## [Work to complete]
Write out the data word for word and drop any picture you find.
--- Task input Enclosed Below ---
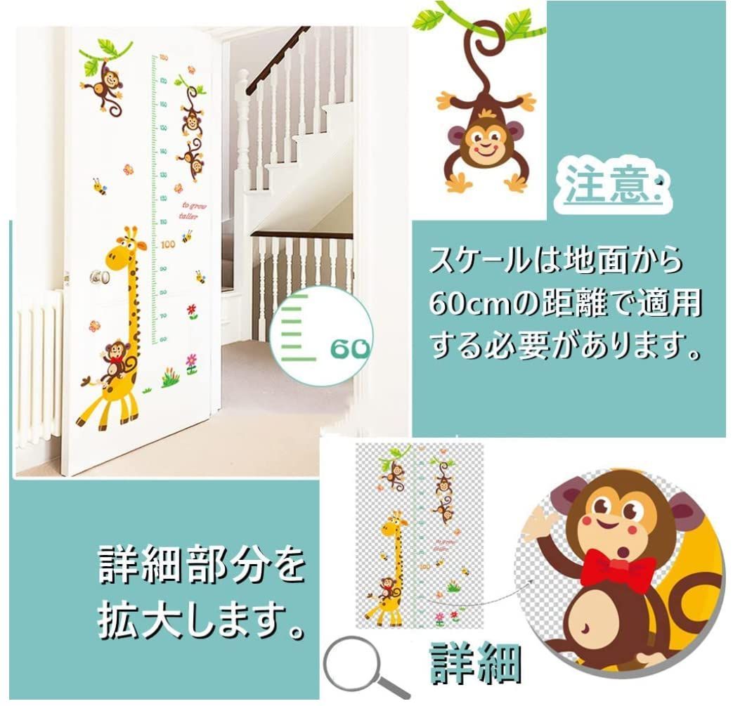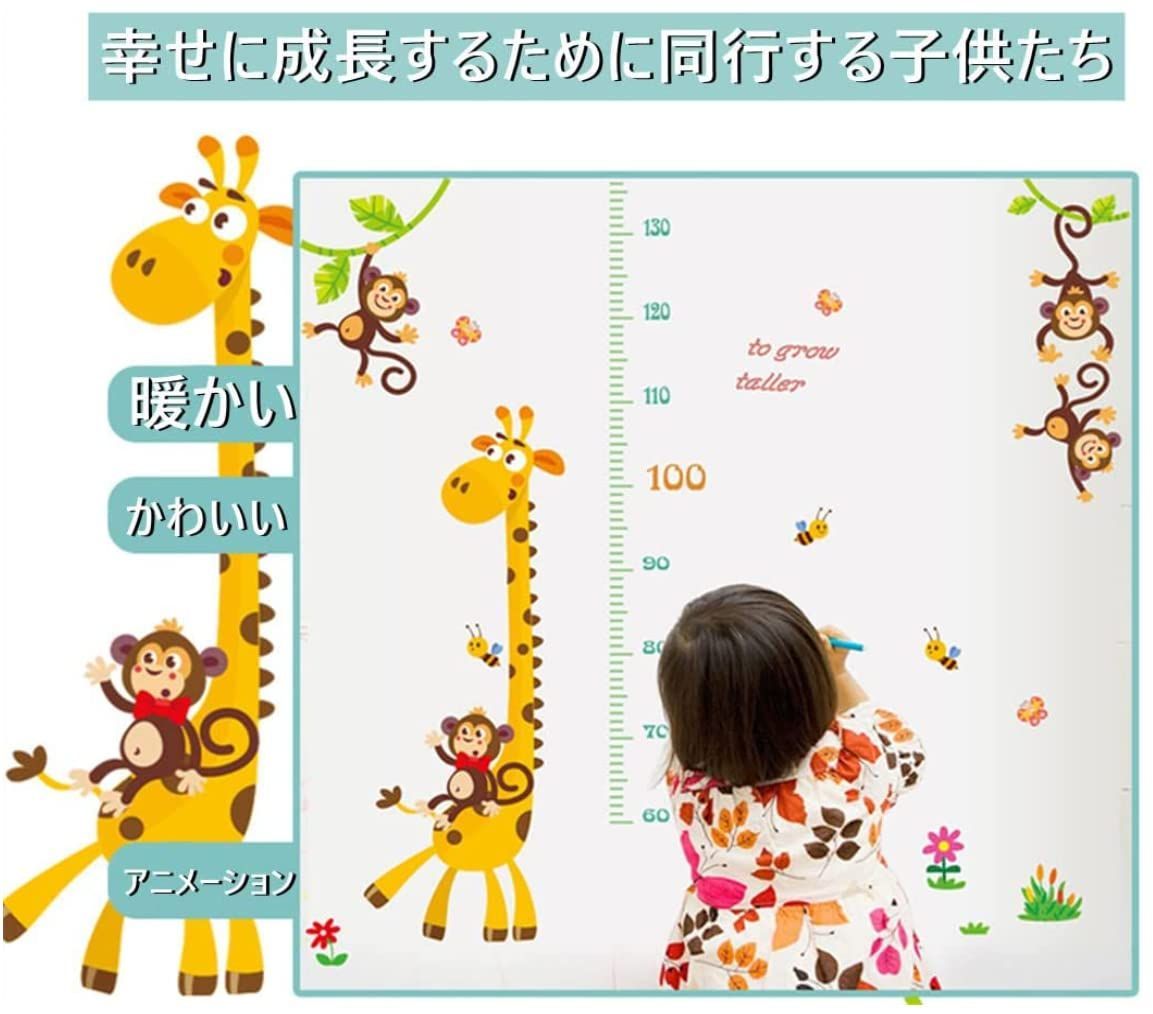 【身長計】壁やドアに使用されている高度計のウォールステッカーです。 また、高さ計などに使えるかわいい動物のウォールステッカーも付いています。 子供部屋、居間、ドア、寝室などでお子様と一緒に貼り付けをお楽しみいただけます
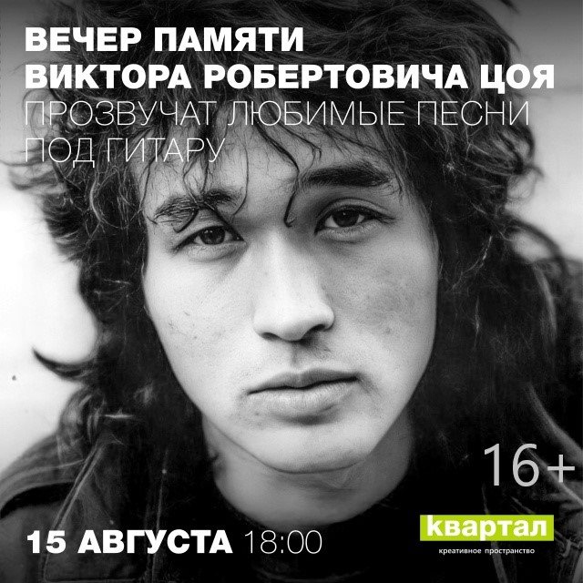 В креативном пространстве «Квартал» в Ульяновске и Центре современного искусства и дизайна (пр. Ленина 2) в Димитровграде сегодня будут вспоминать Виктора Цоя. Лидер культовой группы «Кино» погиб в автокатастрофе 15 августа 1990 года. Вечер памяти начнется в обоих городах в 18:00. Будут звучать любимые песни под гитару, тёплые воспоминания и музыкальные интерпретации песен Виктора Цоя и группы «Кино» (16+).
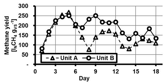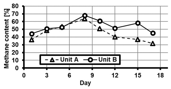 The methane content in biogas during the experiment ranged from 31.6% to 69.9% (Figure 5). Furthermore, the maximum methane content in biogas was reached after one week in both units. The minimum methane content was reached after 17 days. The decreasing methane content was associated with a decreasing gas yield. The average methane content of unit A can be found under the average methane content of unit B, depending on the organic loading rates of units A and B.
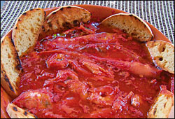 SASTOJCI: 1,5 kg mešane morske ribe po izboru (oslić, iverak, cipal, škrpina, barbuni, lignje), 12 gambora ili kozica, 500 g isečenog oljuštenog paradajza, 2 crvena luka, 1 rebro zelenog celera, 1 šargarepa, 2 veze peršuna, 100 ml suvog belog vina, malo mlevene ljute papričice, so, biber
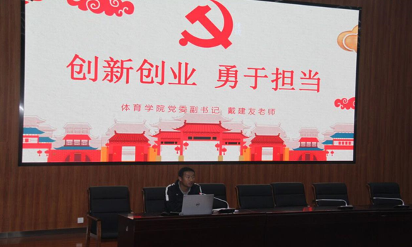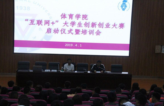 2019年4月1日晚,体育学院“互联网+”大学生创新创业大赛启动仪式暨培训会在汇学楼2栋101报告厅举行。会议由体育学院党委副书记戴建友主持,同时特邀了全国优秀教师、云南省人民政府参事、云南师范大学二级教授、博士研究生导师、体育学院首席“创新创业”指导教师饶远教授,另外参会的还有体育学院全体辅导员、2018级研究生、2016级全体本科生、2017级和2018级本科生学生干部共计550人。
--- End of Enclosed Task input ---
## [Task response]
 【身長計】壁やドアに使用されている高度計のウォールステッカーです。 また、高さ計などに使えるかわいい動物のウォールステッカーも付いています。 子供部屋、居間、ドア、寝室などでお子様と一緒に貼り付けをお楽しみいただけます
 В креативном пространстве «Квартал» в Ульяновске и Центре современного искусства и дизайна (пр. Ленина 2) в Димитровграде сегодня будут вспоминать Виктора Цоя. Лидер культовой группы «Кино» погиб в автокатастрофе 15 августа 1990 года. Вечер памяти начнется в обоих городах в 18:00. Будут звучать любимые песни под гитару, тёплые воспоминания и музыкальные интерпретации песен Виктора Цоя и группы «Кино» (16+).
 The methane content in biogas during the experiment ranged from 31.6% to 69.9% (Figure 5). Furthermore, the maximum methane content in biogas was reached after one week in both units. The minimum methane content was reached after 17 days. The decreasing methane content was associated with a decreasing gas yield. The average methane content of unit A can be found under the average methane content of unit B, depending on the organic loading rates of units A and B.
 SASTOJCI: 1,5 kg mešane morske ribe po izboru (oslić, iverak, cipal, škrpina, barbuni, lignje), 12 gambora ili kozica, 500 g isečenog oljuštenog paradajza, 2 crvena luka, 1 rebro zelenog celera, 1 šargarepa, 2 veze peršuna, 100 ml suvog belog vina, malo mlevene ljute papričice, so, biber
 2019年4月1日晚,体育学院“互联网+”大学生创新创业大赛启动仪式暨培训会在汇学楼2栋101报告厅举行。会议由体育学院党委副书记戴建友主持,同时特邀了全国优秀教师、云南省人民政府参事、云南师范大学二级教授、博士研究生导师、体育学院首席“创新创业”指导教师饶远教授,另外参会的还有体育学院全体辅导员、2018级研究生、2016级全体本科生、2017级和2018级本科生学生干部共计550人。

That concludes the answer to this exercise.